Это расхождение между спорящими сторонами прекрасно сознавал и сам о. Антоний (Булатович), высказываясь на этот счет недвусмысленно и довольно резко. «Все они, — пишет он о противниках имяславия, — как видно, еще со школьной скамьи в своем православном умосозерцании и заразились всякой интеллигентщиной и толстовщиной, и всяким другим ядом западного свободомыслия, ибо кто из нынешнего поколения высокообразованного не повредил в юности чистоты своего православия? В нынешний век, когда …даже веру в Божество Иисуса Христа людям образованного класса приходится с великим трудом в себе отстаивать, теперь, конечно, новая имеборческая ересь найдет себе изобильнейшую пищу. Тому, кто и в Божество Христово еле-еле верит, тому где же трепетать, как то подобало бы, пред Именем Божиим, и где ему веровать в Имя Божие, как в Самого Бога». Как можно видеть, о. Антоний не ошибся: до 1917 года и грядущего торжества безбожия оставалось всего несколько лет, и хотя многие из противников имяславцев стали впоследствии новомучениками, однако вполне очевидно, что немалую роль в падении Российской империи и в бедствиях, обрушившихся на Русскую Церковь, сыграли именно сами церковные деятели.

В другой своей работе о. Антоний вопрошает своих противников: «Почему не хотите вы признать евангельские Глаголы Слова за Деятельность Слова и за Божество? …Или, может, вы склонны думать с разными западными мудрецами, берущимися ныне исправлять Евангелие, что Апостолы и Евангелисты по невежеству своему испортили слова Спасителя и записали не Глаголы Божии, а свои личные воспоминания о Спасителе, плоды своей личной памяти?
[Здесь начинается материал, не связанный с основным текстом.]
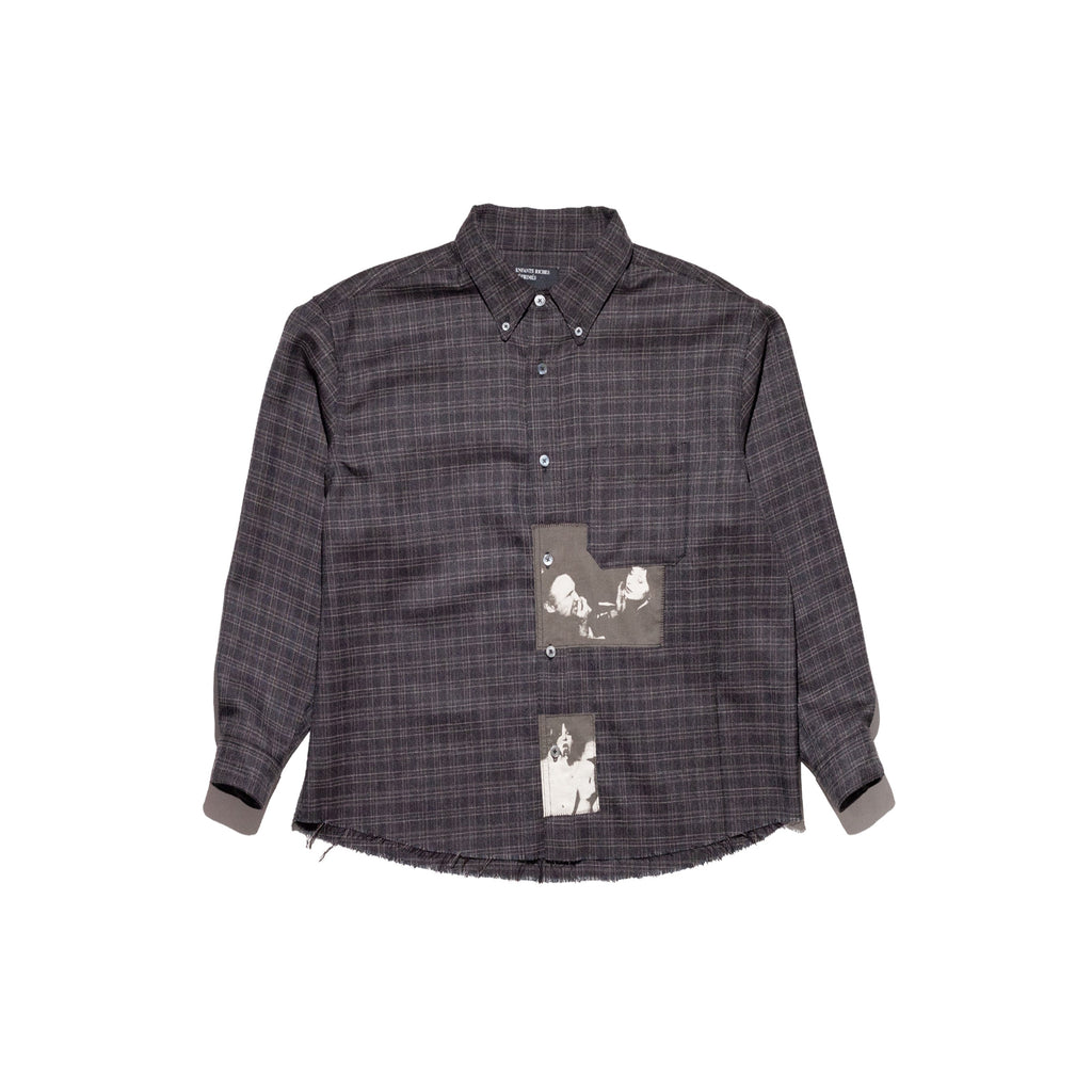 The Assemblage Flannel (Charcoal) from Enfants Riches Déprimés is a button-down shirt crafted from premium Italian virgin wool, offering both comfort and refined structure. Printed artwork patches are applied throughout, giving the piece a distinct, deconstructed aesthetic that reflects the brand's avant-garde identity. Made in the USA, this flannel blends luxury materials with expressive detailing for a look that is bold, elevated, and unmistakably individual.
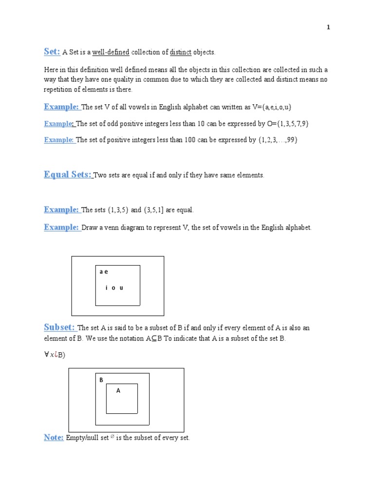 Equal Sets: Two sets are equal if and only if they have same elements.

Но тогда мы с вами совершенно не единомысленны, ибо верим в Боговдохновенность слов Евангелия и в истинность их…»

Но с особенной силой о. Антоний обозначает это противостояние Востока и Запада в своей третьей большой работе, которая во многом посвящена опровержению нападок С. Троицкого на имяславие. Автор одного из докладов, на котором основывался Синод, осуждая имяславие, Троицкий издал несколько работ, где пытался доказать, что «имяславцы» повинны в евномианстве и других ересях. Булатович уличает Троицкого в противоречии святым отцам и искажении их мысли, равно как и в намеренном извращении учения «имяславцев», и утверждает, приводя тексты святых отцов Восточной Церкви, что то учение об имени Божием, которое отстаивают «имяславцы», «не только не ересь, но есть основное учение Церкви и верование всех святых, не высокоумных умом, не переучившихся учениями западных богословов, подобно некоторым нынешним богословам, не навыкших все понимать превратно, все пересуживать и перетолковывать…» Он указывает, что Троицкий в своем учении о необязательности использования имен Божиих при молитве, основывается «на словах ученого невера Запада и, в подтверждение своего понимания Имен Божиих как слов текучих и пустых и не необходимых в тайне благочестия, приводит слова Макса Мюллера, который утверждает, что все Имена Божии явились путем измышления человеческого». Троицкий действительно ссылался на «Лекции по науке о языке» М. Мюллера и утверждал, что в древности «люди могли быть глубоко религиозными, не имея никаких имен для обозначения Бога», — мысль, надо заметить, достаточно абсурдная, поскольку неясно, каким образом можно быть религиозным, т.е. иметь понятие о существовании Бога и молиться Ему, никак Его не обозначая. Отец Антоний не преминул это заметить: «Богувне Имени Его молиться невозможно», и если упразднить все Божественные имена, то «пришлось бы или совсем перестать молиться и священнодействовать, или придумать себе иное “Имя ” — иного бога, или сделаться идолопоклонниками», которые «непосредственно поклоняются своим чувственным идолам».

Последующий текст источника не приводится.